**SUPPLIED MATERIAL:**
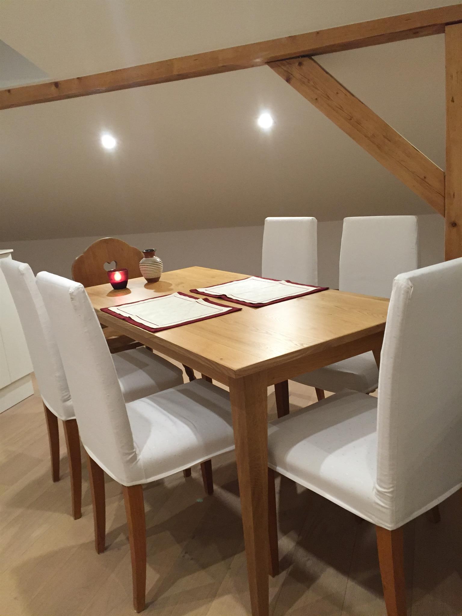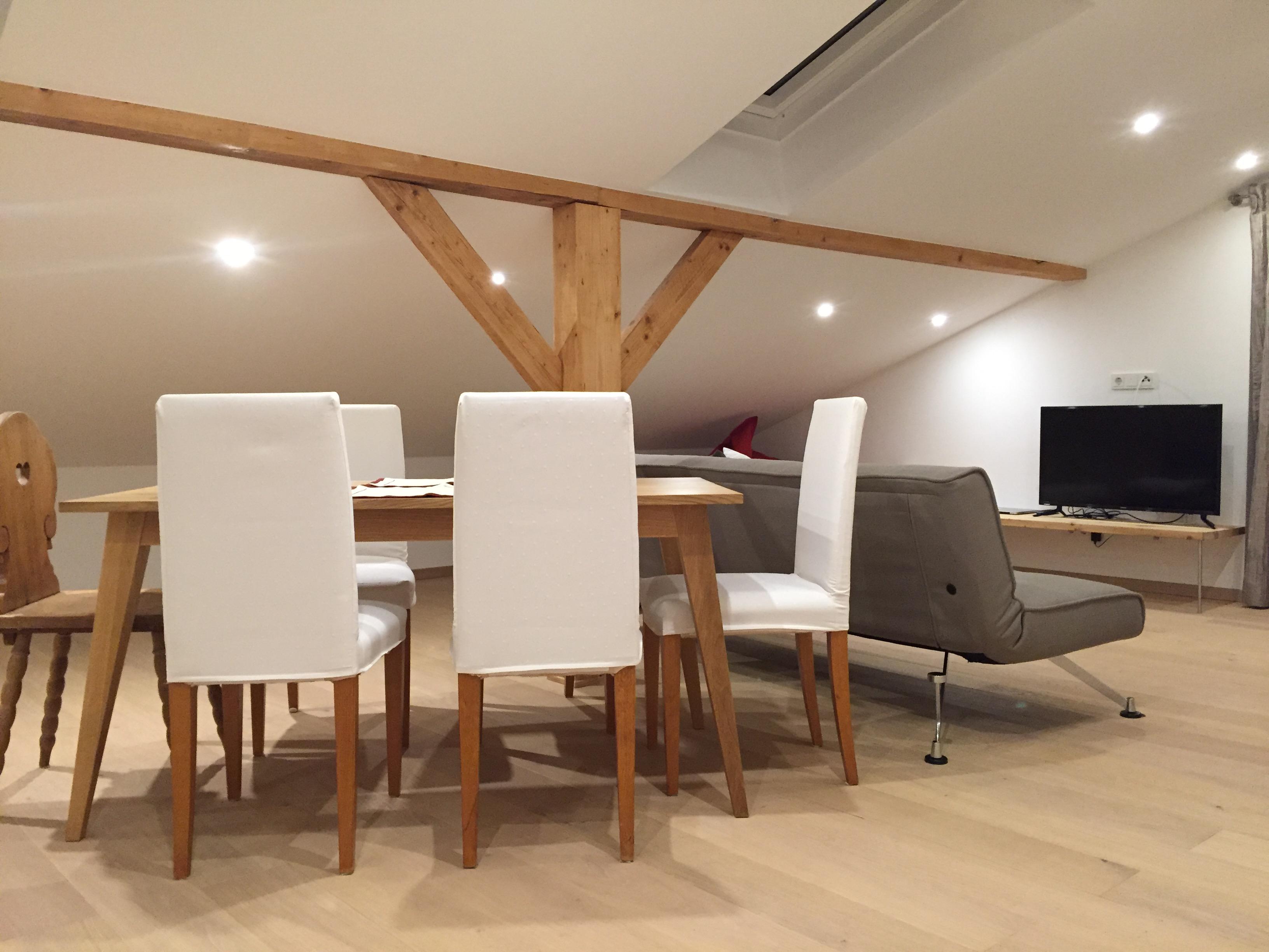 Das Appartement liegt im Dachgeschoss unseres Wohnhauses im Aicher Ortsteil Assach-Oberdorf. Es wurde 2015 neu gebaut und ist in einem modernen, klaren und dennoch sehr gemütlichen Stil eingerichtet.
---
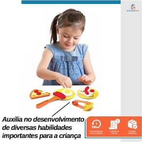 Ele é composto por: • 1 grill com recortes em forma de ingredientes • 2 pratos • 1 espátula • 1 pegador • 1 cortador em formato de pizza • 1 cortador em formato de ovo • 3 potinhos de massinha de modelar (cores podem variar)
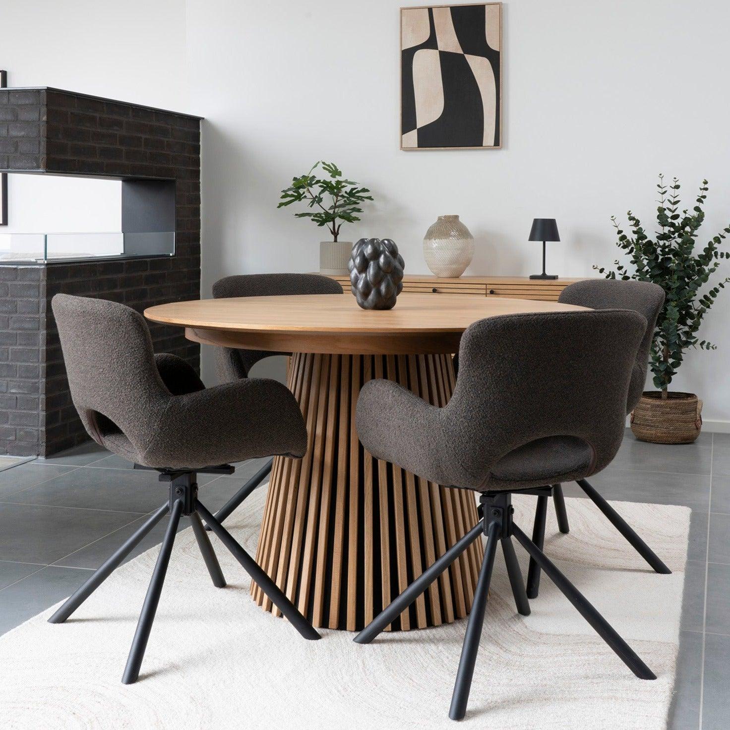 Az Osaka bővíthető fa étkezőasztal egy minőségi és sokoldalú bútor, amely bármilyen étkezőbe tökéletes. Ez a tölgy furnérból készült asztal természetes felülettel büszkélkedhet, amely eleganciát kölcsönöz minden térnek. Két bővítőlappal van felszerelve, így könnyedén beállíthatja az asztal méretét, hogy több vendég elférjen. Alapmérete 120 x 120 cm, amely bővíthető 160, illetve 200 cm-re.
...
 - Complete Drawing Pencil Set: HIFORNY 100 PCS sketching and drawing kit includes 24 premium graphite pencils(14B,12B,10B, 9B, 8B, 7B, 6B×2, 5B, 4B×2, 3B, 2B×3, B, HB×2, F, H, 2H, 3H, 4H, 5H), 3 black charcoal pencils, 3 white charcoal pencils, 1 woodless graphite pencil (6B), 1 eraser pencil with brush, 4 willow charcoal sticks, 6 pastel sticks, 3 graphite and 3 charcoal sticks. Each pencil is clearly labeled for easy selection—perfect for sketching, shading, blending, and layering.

**TASK DIRECTIONS:** What's needed is an exact copy of the records above from the line containing "Ele é composto" down to the line containing "Az Osaka bővíthető", both included, without any pictures.

**EXERCISE RESULT:**
 Ele é composto por: • 1 grill com recortes em forma de ingredientes • 2 pratos • 1 espátula • 1 pegador • 1 cortador em formato de pizza • 1 cortador em formato de ovo • 3 potinhos de massinha de modelar (cores podem variar)
 Az Osaka bővíthető fa étkezőasztal egy minőségi és sokoldalú bútor, amely bármilyen étkezőbe tökéletes. Ez a tölgy furnérból készült asztal természetes felülettel büszkélkedhet, amely eleganciát kölcsönöz minden térnek. Két bővítőlappal van felszerelve, így könnyedén beállíthatja az asztal méretét, hogy több vendég elférjen. Alapmérete 120 x 120 cm, amely bővíthető 160, illetve 200 cm-re.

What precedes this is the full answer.